文化祭当日、若杉先生が教室の扉を開け、ぐるっと室内を見まわした時の、仰天の顔と言ったら!クラス中が大喜びして、飛び上がったり、笑ったり、叫んだりとなった。先生は教室を一巡し始めた。

先生が驚いたのもムリはなかった。生け花の鉢に8人の出展者の豪華な花が、台の上に並べられ、華やかに教室の一角を彩り、その隣の壁には、油絵が3点、習字は4点縦長に流麗な筆致で飾られている。ピアノと琴とギターの一郭もある。マンガ集を並べた小机もあり、そして、1つの壁を独占した額縁入りのアジサイの花の群れの清冽さ!
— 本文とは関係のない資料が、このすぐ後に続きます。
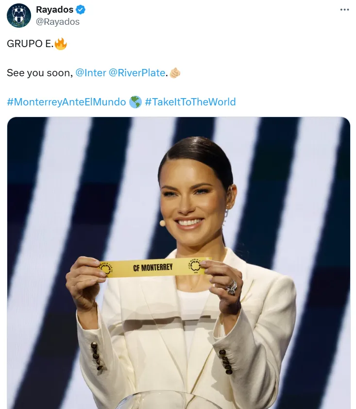 A través de su cuenta de X, Rayados de Monterrey compartió una imagen del papel que indicaba que conformaría el Grupo E y agregó: “Grupo E -con el emoji de un fueguito- Nos vemos pronto, Inter de Milán y River Plate”. Minutos más tarde se sumó Urawa Red Diamonds y completó la zona.

「すごいもんだなあ!こりゃあ、学校一の呼び物になるぞ!このへやに大勢が押しかけることになったら、人数制限を考えておいた方がいいぞ。品物に触るのも禁じないとな。今から急いで、大きな張紙を作って、2つのドアの外に張り出しておくんだ!」

「先生、一度に何人くらいがいいんですか?」と松井委員長が訊いた。
「今までの文化祭の例では、20人とか、25人くらいかなあ。君たちの  半分近くが対応するだろう?  それと、長居されても困るから 15分くらいかなあ」

佐々木委員長が、すぱっと決めた。
「じゃあ、20人で15分にして、すぐに張紙作りましょ」
と言うと、すぐに準備にかかった。習字クラブの坂本さんが、文字はいつも書いてくれる。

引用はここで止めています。